The day we arrived I presented Sister Beatrice with blood pressure cuffs, one of the portable items on her wish list for the hospital's future geriatric ward. Included were two pediatric cuffs, the sisters were elated. Although they had heard of pediatric cuffs, they had never seen them. Three cuffs were stowed away for the geriatric ward and the remaining cuffs were put to use immediately.
Similar to the second training the first day was spent discussing the trainee's successes and challenges in administering acupuncture treatments during our two and a half month break in training. Some of the trainees had ventured into remote villages to treat their family members. Word spread of the promising new treatment and soon the village people were lining up to receive care previously not provided. The group discovered that acupuncture is easily portable.
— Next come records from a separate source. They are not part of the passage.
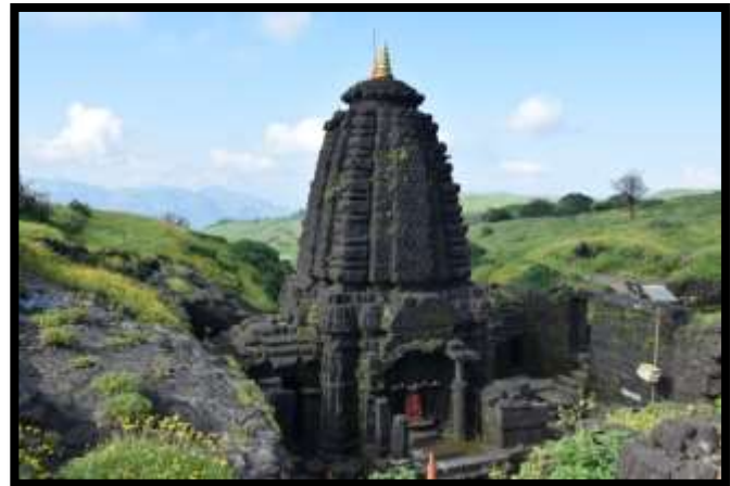
हरिशचंद्र देवेश्वर मंदिर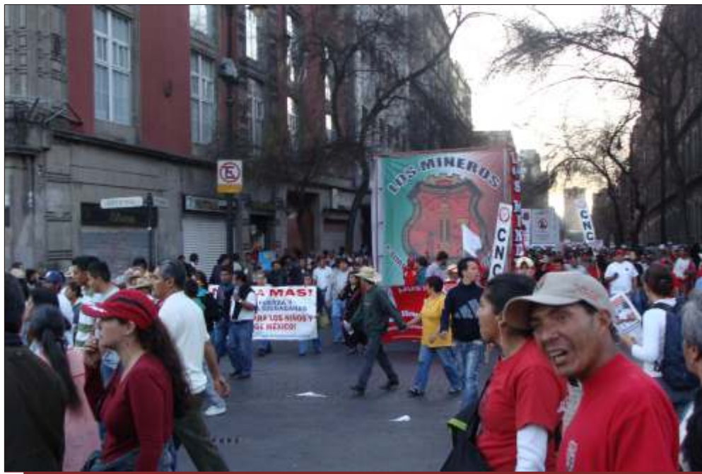
Los trabajadores mineros han sido blanco de ataque permanente a sus derechos.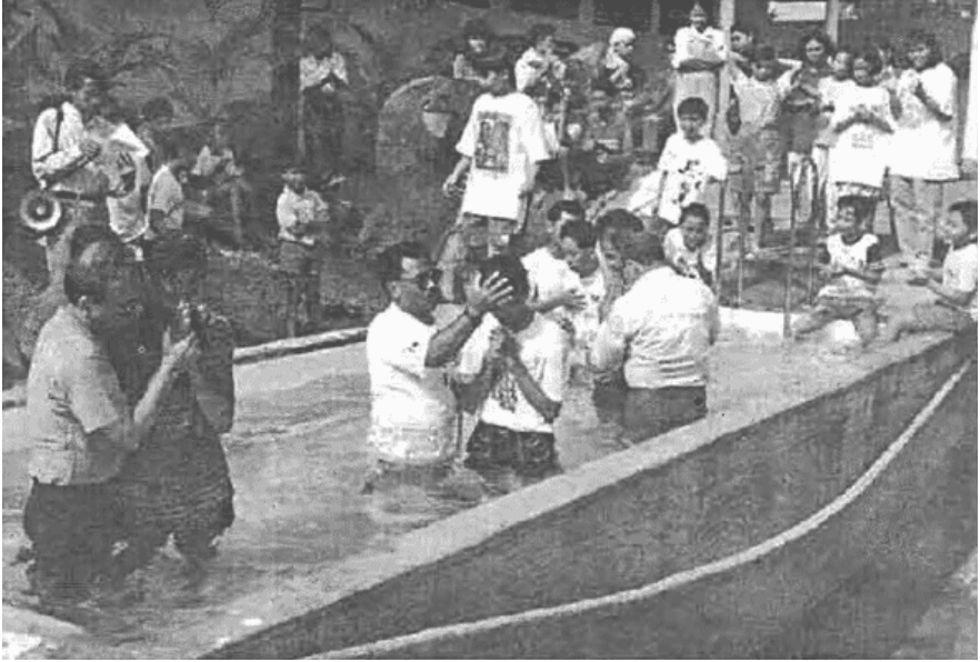
Para peserta Pemkhus XVII '96 sedang dibaptis di Kalam Arauna.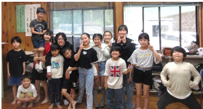
いつまでも子どもたちの声が聞こえる地域を(児童クラブ)

この理想の地区の姿に向かって、地区民の「理解と協力」「共生・協働」により地域課題解決に向けて、積極的に取り組み和田地区の目指す地域像「持続可能な地域」実現に向けて行動します。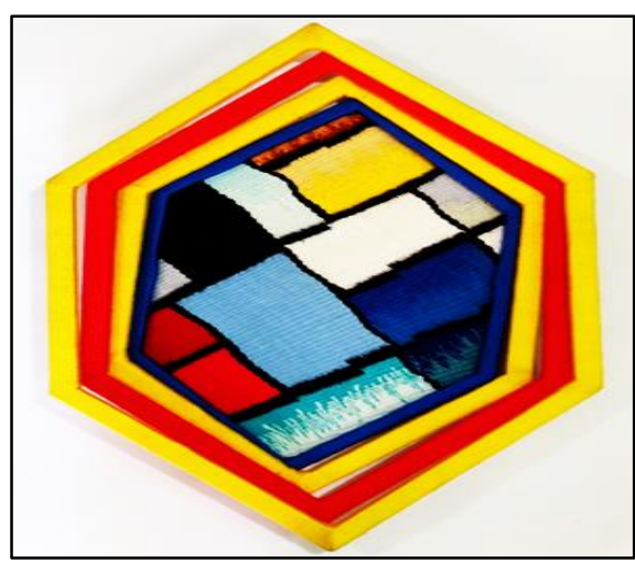
المعلقة النسجية الحادية عشر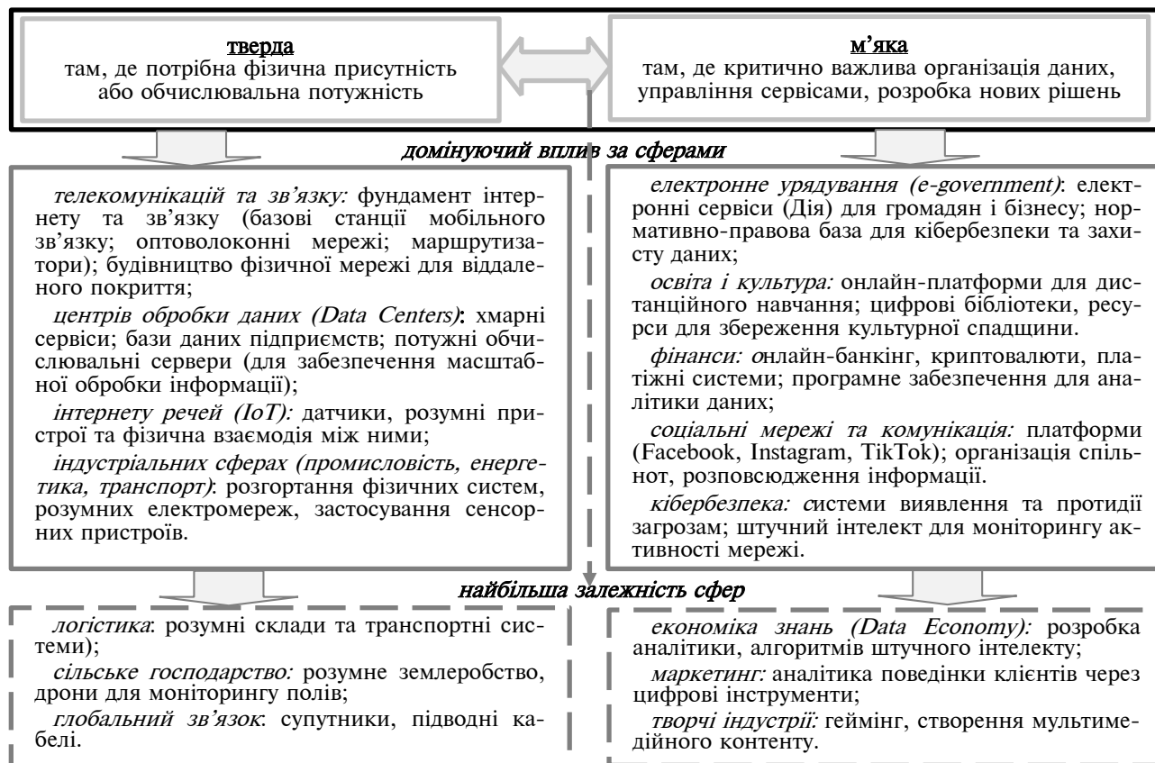
Рис. 1. Взаємозв'язки компонент цифрової інфраструктури

Sister Beatrice reported great success with temporal headache, blurry vision and several cases of lowering high blood pressure. Another trainee stated that acupuncture was a miracle for sinusitis, upon insertion of the needles the patient could breathe immediately. David directly experienced that while treating one ailment another can disappear. A patient presented with back pain and ankle swelling. David inserted needles in ashi (local, painful) points around the ankle and applied moxa. The patient felt a tingling sensation and the backache disappeared without specific treatment for the condition. Brenda had great success with a patient that had debilitating back pain for two years making it impossible to work. The patient made the long arduous journey to the city of Kampala to visit a specialist without receiving any relief. Pharmaceutical drugs did not alleviate the pain. Upon examination Brenda could see the patient's back bone. After eight treatments the patient no longer wears a corset, the vertebrae are not visible and the patient is not only walking, but is employed and able to work once again. Acupuncture along with cupping and moxa allowed this man to resume his life.
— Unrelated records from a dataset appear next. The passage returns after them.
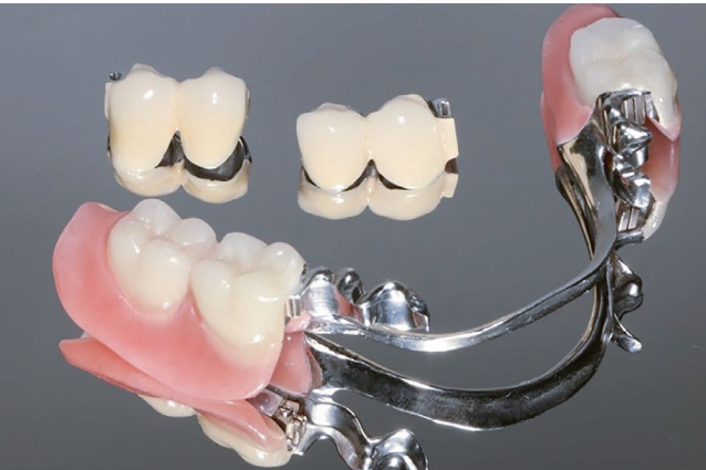
40// So wählen Sie den Zahnersatz mit dem richtigen Halt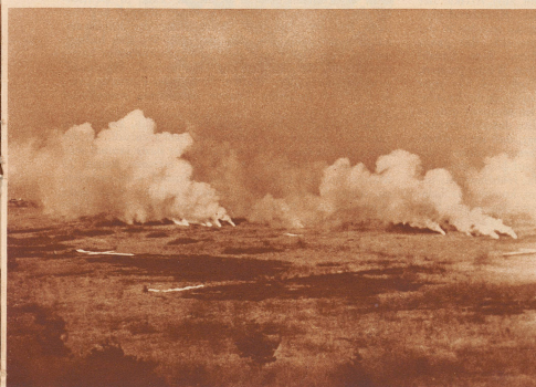
Das Zielgelände nach der Explosion der abgeworfenen Bomben.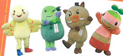
はばたん まめりん まるいの ちーたん (兵庫県) (丹波篠山市) (丹波篠山市) (丹波市)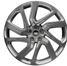
21" 5 DOPPELSPEICHEN SATIN DARK GREY (STYLE 5025)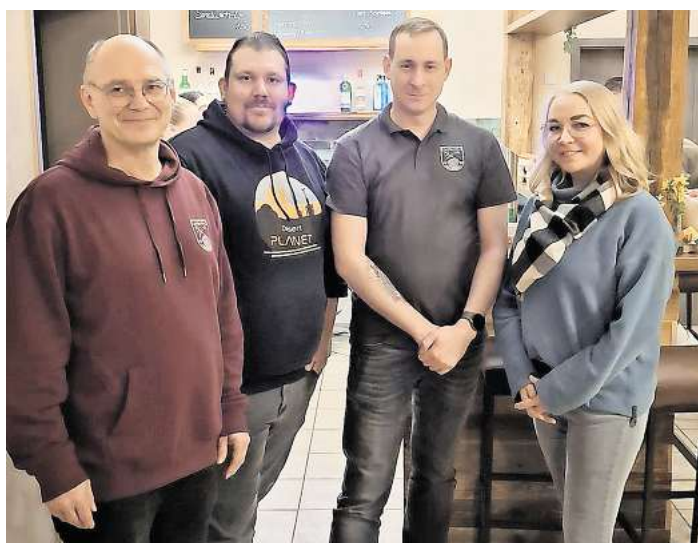
Die Sieger im Ostereierschießen.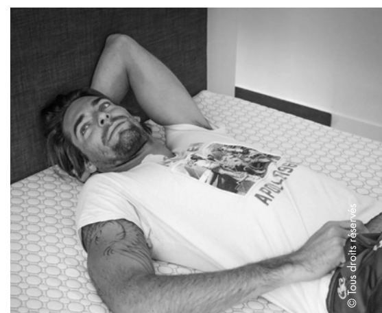
Le champion Camille Lacourt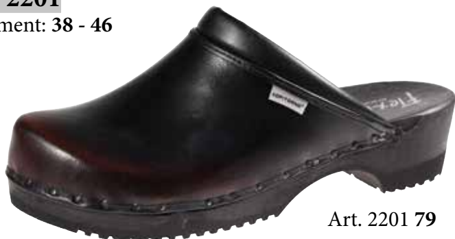
Art. 2201 79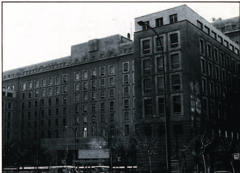
El planteamiento defensivo nacional se ha remodelado para concordarlo con el de los restantes países de la OTAN.

Para el año 1988, las prioridades en política de armamento se sitúan en el área de las telecomunicaciones, guerra electrónica, sistemas de mando y control, sistemas de acústica submarina y detección, y en nuevos materiales. ■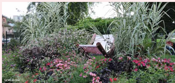
La vie en rose

L'été n'est plus qu'un lointain souvenir et l'équipe Espaces Verts nous a ravi avec de beaux pare-terre de fleurs et autres compositions florales. La commune étant engagée dans un objectif « Zéro produit phytosanitaire » (nos 2 libellules), l'équipe était fort mobilisée par le désherbage. Seul le cimetière, prochainement doté d'un portail, était encore traité mais dès 2018, son désherbage sera également manuel, ce qui ne sera pas une mince affaire. Certains concitoyens ont suggéré de faire de l'entretien du cimetière un chantier citoyen.

On the second day we immediately began setting up the room and treating patients. A fourteen year old female complained of difficult breathing ongoing for three years, chest pain, cough and temporal headache. After one treatment all symptoms had disappeared. As often seen, children and teens can respond immediately to acupuncture.
Word had not yet spread that we were back in town so the patient load was lighter and we finished with patients after a late lunch. The four trainees employed by the Ibanda Hospital continued treatment with inpatient visits. An eighty year old woman with dyspnea for the past two years sat up in bed. She was admitted five days earlier and received oxygen. The day before we treated her the oxygen was transferred to a more severe case. Each ward has only one oxygen bottle and many are not functional. Besides having difficulty breathing the patient also experienced heart palpitations, temporal headache and epigastric pain. Within a few minutes of inserting the needles I observed the heaving of the woman's chest calming down and her face relaxing. After the treatment the headache was gone and the dypnea and palpitations had decreased. Another inpatient was suffering from malaria manifesting as chills, fever, heart palpitations and cough. The seventy year old woman was relieved from the chills and palpitations after acupuncture was administered.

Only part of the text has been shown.